STORED DATA:
━━━━━━━━━━

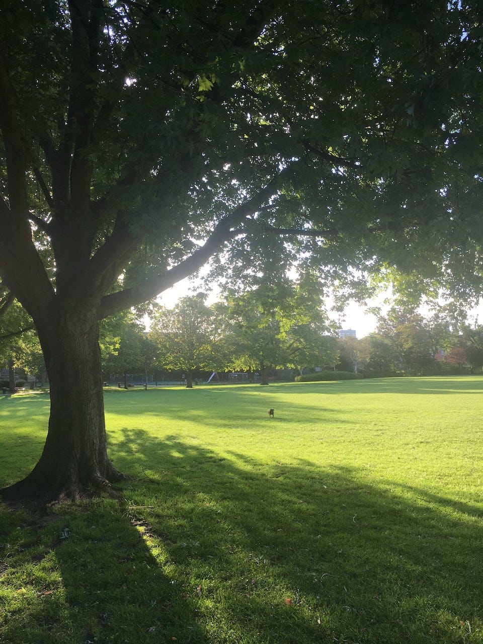 The sweetness of that morning Sun on our faces when She arrives. Habibi and I linger strategically in that sweet spot located near the basketball courts, in the far-top corner of the green. Whether spring, summer, autumn or winter, this is the miracle spot where we receive the long rays of golden kisses that have travelled ninety-three million miles in such a hurry to reach our upturned faces, that they raced through the heavens in under nine minutes. There have been days when it’s taken me longer to remember where I was.
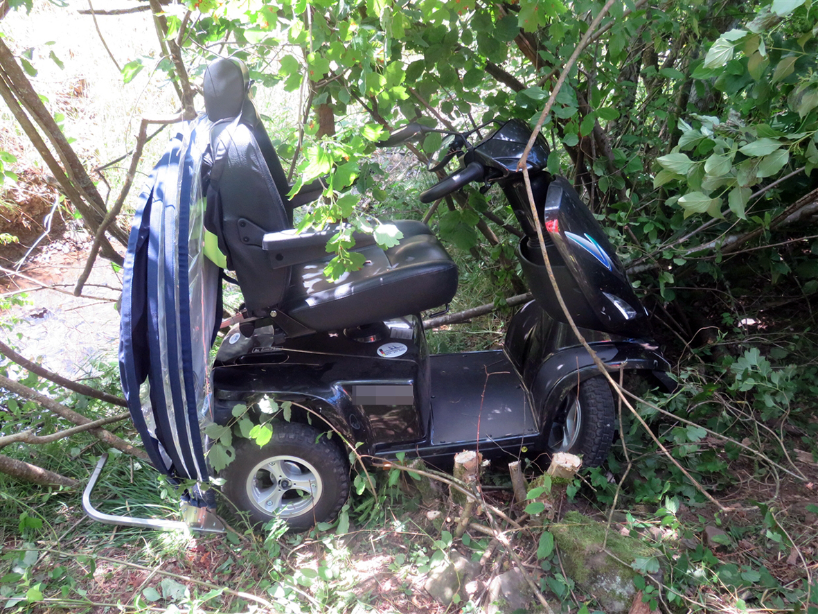 Ein 88-Jähriger aus dem Bad Münstereifeler Höhengebiet befuhr am Montag,, 10. Juli, 13.29 Uhr, mit seinem Krankenfahrstuhl (motorisierter Rollstuhl) an der Landstraße 165 einem Radweg in Richtung Schuld. Plötzlich habe es laut Fahrer einen Schlag gegeben und das Fahrzeug habe sich nicht mehr steuern lassen. Der Senior kam nach rechts von der Fahrbahn ab und fuhr die Böschung hinunter. Dort kam er zum Stillstand. Unter seinem Krankenfahrstuhl eingeklemmt war er nicht in der Lage, sich eigenständig zu befreien.
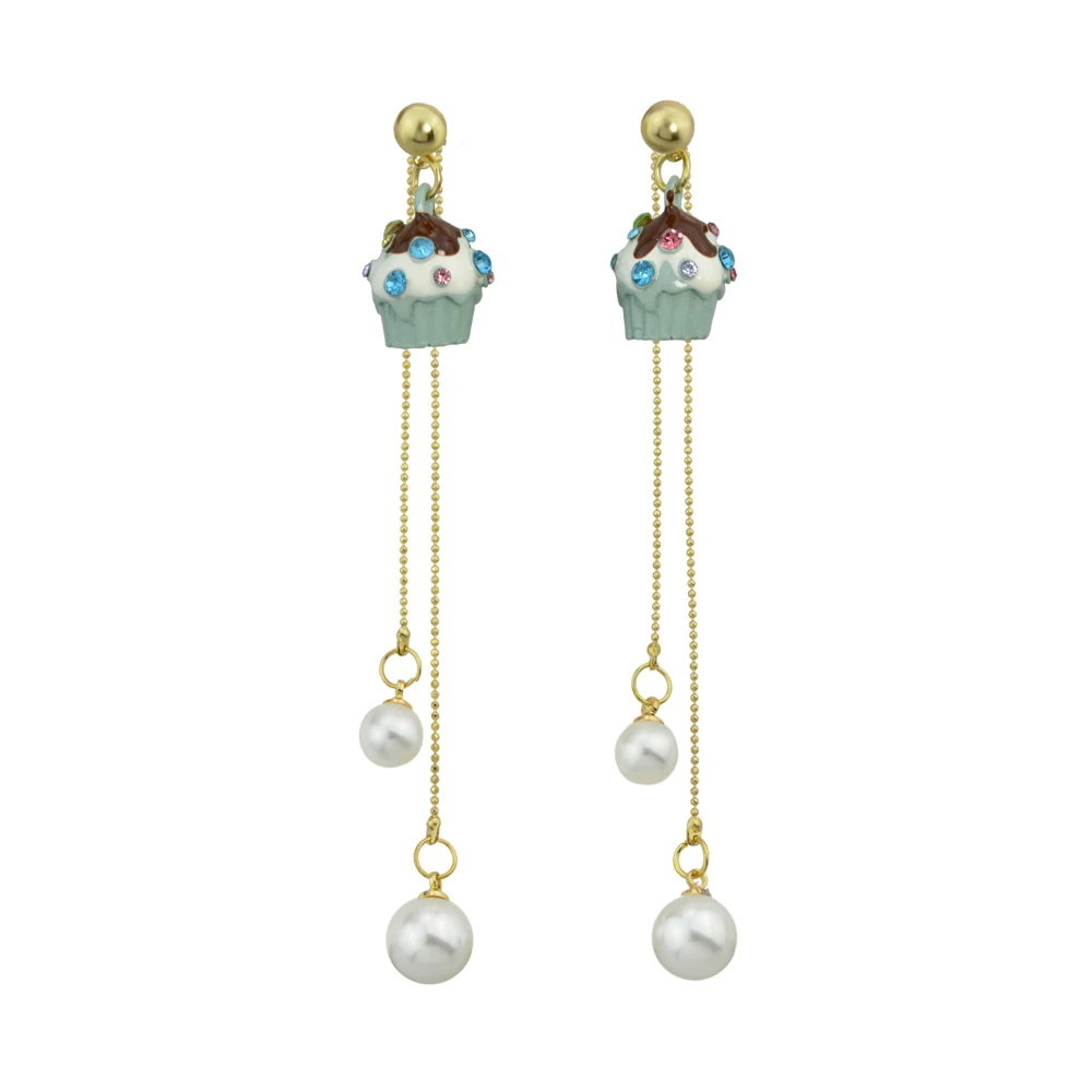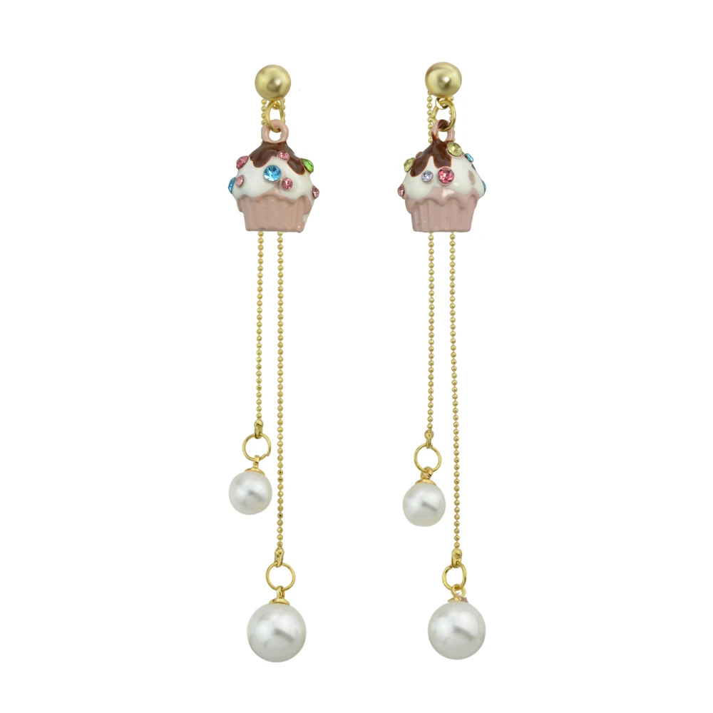 Милые золотые-цвета длинной цепи с имитацией-жемчужный цвет в виде Эмали Чашки Торт Висячие серьги для женщин модные украшения

━━━━━━━━━━

REQUIRED WORK:
The task requires that every line above be transcribed exactly, without the images.

ANSWER FOR THE TASK:
 The sweetness of that morning Sun on our faces when She arrives. Habibi and I linger strategically in that sweet spot located near the basketball courts, in the far-top corner of the green. Whether spring, summer, autumn or winter, this is the miracle spot where we receive the long rays of golden kisses that have travelled ninety-three million miles in such a hurry to reach our upturned faces, that they raced through the heavens in under nine minutes. There have been days when it’s taken me longer to remember where I was.
 Ein 88-Jähriger aus dem Bad Münstereifeler Höhengebiet befuhr am Montag,, 10. Juli, 13.29 Uhr, mit seinem Krankenfahrstuhl (motorisierter Rollstuhl) an der Landstraße 165 einem Radweg in Richtung Schuld. Plötzlich habe es laut Fahrer einen Schlag gegeben und das Fahrzeug habe sich nicht mehr steuern lassen. Der Senior kam nach rechts von der Fahrbahn ab und fuhr die Böschung hinunter. Dort kam er zum Stillstand. Unter seinem Krankenfahrstuhl eingeklemmt war er nicht in der Lage, sich eigenständig zu befreien.
 Милые золотые-цвета длинной цепи с имитацией-жемчужный цвет в виде Эмали Чашки Торт Висячие серьги для женщин модные украшения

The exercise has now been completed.